*** Opening of Material to process ***

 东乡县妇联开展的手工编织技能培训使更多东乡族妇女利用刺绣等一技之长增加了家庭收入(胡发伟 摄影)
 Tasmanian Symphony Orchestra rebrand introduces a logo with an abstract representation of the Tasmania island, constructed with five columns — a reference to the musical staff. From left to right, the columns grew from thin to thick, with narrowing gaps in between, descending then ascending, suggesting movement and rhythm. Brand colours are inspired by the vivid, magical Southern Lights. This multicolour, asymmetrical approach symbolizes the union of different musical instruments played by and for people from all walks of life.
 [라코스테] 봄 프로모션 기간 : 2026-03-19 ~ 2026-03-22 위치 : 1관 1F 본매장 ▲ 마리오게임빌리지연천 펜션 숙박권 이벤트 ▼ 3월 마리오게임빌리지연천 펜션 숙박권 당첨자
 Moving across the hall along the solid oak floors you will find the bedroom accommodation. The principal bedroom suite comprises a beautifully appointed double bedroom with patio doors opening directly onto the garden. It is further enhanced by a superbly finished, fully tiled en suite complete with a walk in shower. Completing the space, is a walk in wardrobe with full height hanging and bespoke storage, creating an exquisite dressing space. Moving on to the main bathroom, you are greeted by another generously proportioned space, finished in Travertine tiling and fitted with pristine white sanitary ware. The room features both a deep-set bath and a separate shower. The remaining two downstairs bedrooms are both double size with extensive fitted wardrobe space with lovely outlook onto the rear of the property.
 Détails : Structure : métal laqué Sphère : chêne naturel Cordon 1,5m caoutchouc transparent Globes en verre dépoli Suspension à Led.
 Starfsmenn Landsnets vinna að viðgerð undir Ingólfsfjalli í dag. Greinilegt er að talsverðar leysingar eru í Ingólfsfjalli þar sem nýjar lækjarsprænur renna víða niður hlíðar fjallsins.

*** Close of Material to process ***

### Work to be completed
Based on the entries above, please state how many lines include "with", leaving out everything else.

### Exercise output
2